YOUR OBJECTIVE
Unless it is a picture, every line from the start of the entries through the line with "この体験では、季節に合わせて" must be retyped exactly.

AVAILABLE DATA Block Start

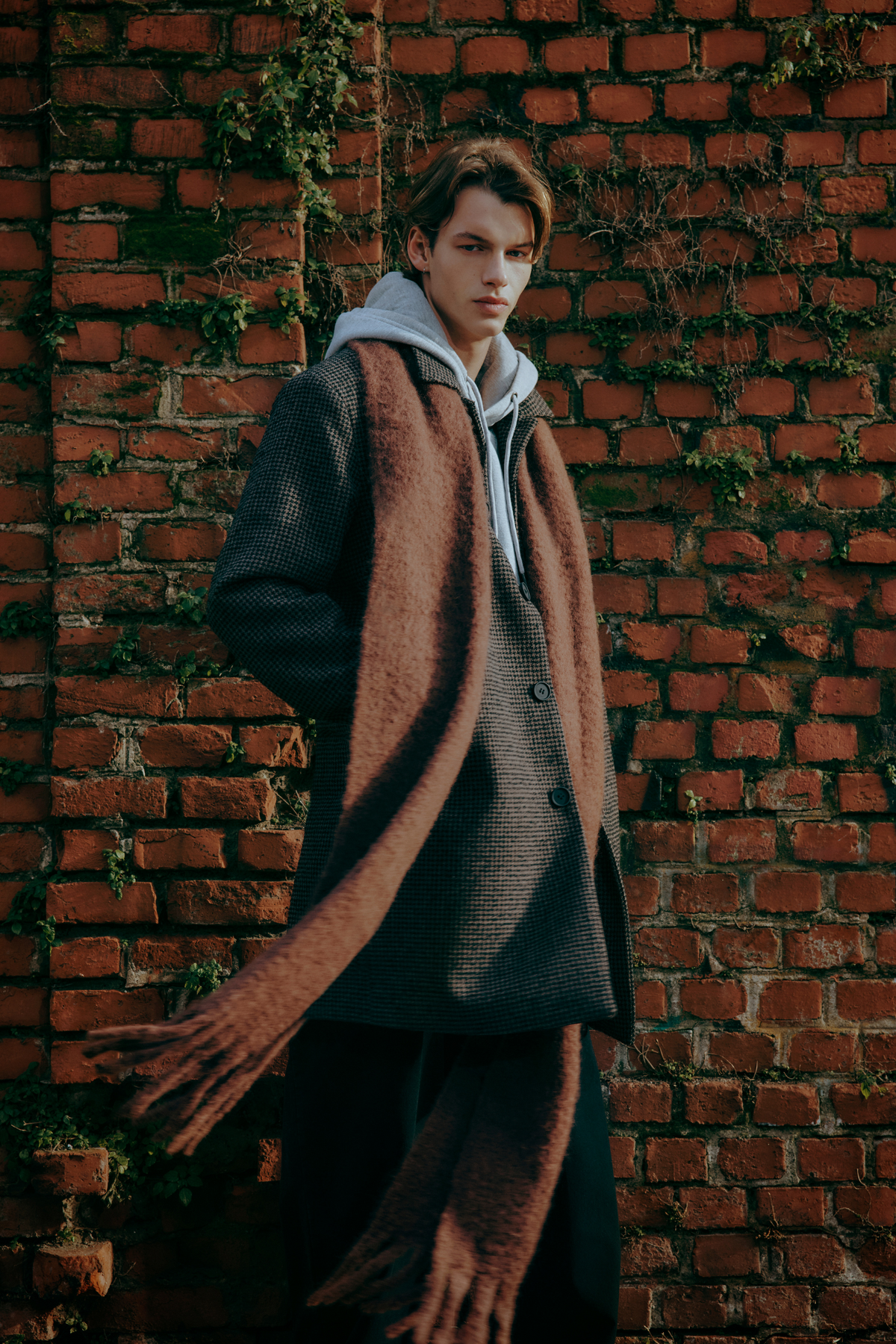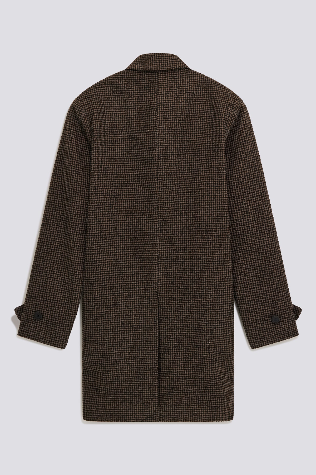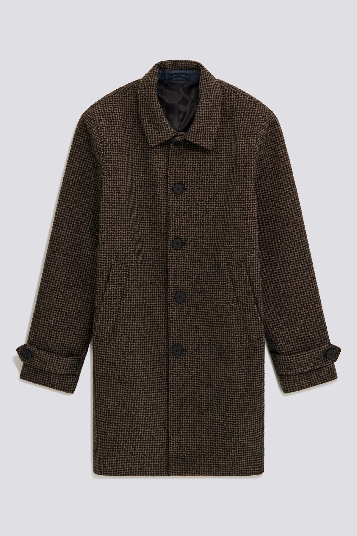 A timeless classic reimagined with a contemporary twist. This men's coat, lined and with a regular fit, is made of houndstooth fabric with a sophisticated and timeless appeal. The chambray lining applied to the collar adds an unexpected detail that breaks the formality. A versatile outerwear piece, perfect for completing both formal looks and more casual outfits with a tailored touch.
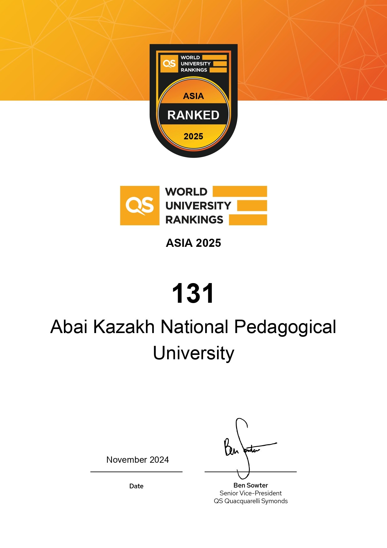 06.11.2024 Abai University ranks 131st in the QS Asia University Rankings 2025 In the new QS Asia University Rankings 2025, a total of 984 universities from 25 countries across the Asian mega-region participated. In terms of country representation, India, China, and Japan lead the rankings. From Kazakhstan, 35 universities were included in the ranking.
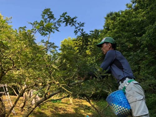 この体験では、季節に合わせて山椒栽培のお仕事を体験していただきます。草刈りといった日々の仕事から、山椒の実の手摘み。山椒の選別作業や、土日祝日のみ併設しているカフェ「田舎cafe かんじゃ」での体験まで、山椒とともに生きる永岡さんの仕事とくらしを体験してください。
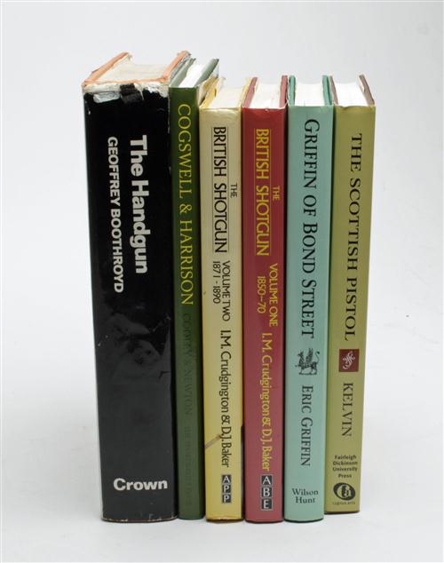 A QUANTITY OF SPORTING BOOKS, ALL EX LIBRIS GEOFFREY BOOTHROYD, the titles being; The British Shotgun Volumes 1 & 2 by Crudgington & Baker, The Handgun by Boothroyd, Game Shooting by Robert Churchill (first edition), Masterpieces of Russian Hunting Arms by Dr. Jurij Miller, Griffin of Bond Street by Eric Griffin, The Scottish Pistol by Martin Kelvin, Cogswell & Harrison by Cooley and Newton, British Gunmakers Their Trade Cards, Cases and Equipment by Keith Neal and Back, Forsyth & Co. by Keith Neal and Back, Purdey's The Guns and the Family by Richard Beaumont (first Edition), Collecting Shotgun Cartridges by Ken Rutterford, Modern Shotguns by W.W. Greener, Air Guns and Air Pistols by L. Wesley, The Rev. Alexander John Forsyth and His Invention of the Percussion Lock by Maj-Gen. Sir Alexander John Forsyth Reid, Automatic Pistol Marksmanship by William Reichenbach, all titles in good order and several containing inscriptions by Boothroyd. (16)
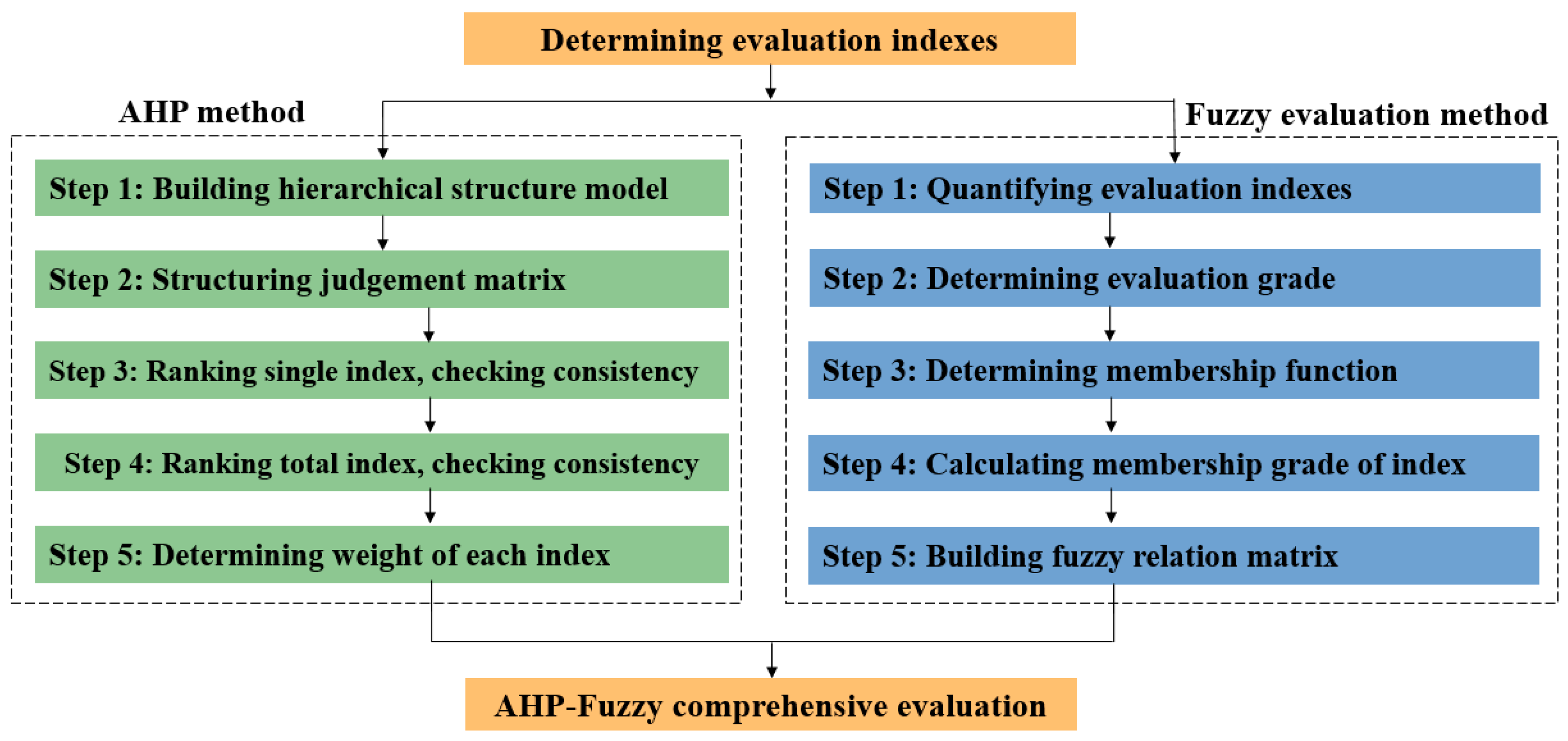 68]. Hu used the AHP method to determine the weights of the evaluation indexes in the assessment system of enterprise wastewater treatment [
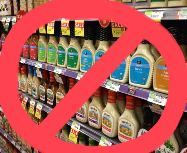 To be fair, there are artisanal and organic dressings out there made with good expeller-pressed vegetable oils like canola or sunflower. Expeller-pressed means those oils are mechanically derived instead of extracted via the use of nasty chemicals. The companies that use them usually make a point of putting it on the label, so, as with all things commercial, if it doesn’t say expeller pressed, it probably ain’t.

AVAILABLE DATA Block End

RESPONSE TO THIS EXERCISE
 A timeless classic reimagined with a contemporary twist. This men's coat, lined and with a regular fit, is made of houndstooth fabric with a sophisticated and timeless appeal. The chambray lining applied to the collar adds an unexpected detail that breaks the formality. A versatile outerwear piece, perfect for completing both formal looks and more casual outfits with a tailored touch.
 06.11.2024 Abai University ranks 131st in the QS Asia University Rankings 2025 In the new QS Asia University Rankings 2025, a total of 984 universities from 25 countries across the Asian mega-region participated. In terms of country representation, India, China, and Japan lead the rankings. From Kazakhstan, 35 universities were included in the ranking.
 この体験では、季節に合わせて山椒栽培のお仕事を体験していただきます。草刈りといった日々の仕事から、山椒の実の手摘み。山椒の選別作業や、土日祝日のみ併設しているカフェ「田舎cafe かんじゃ」での体験まで、山椒とともに生きる永岡さんの仕事とくらしを体験してください。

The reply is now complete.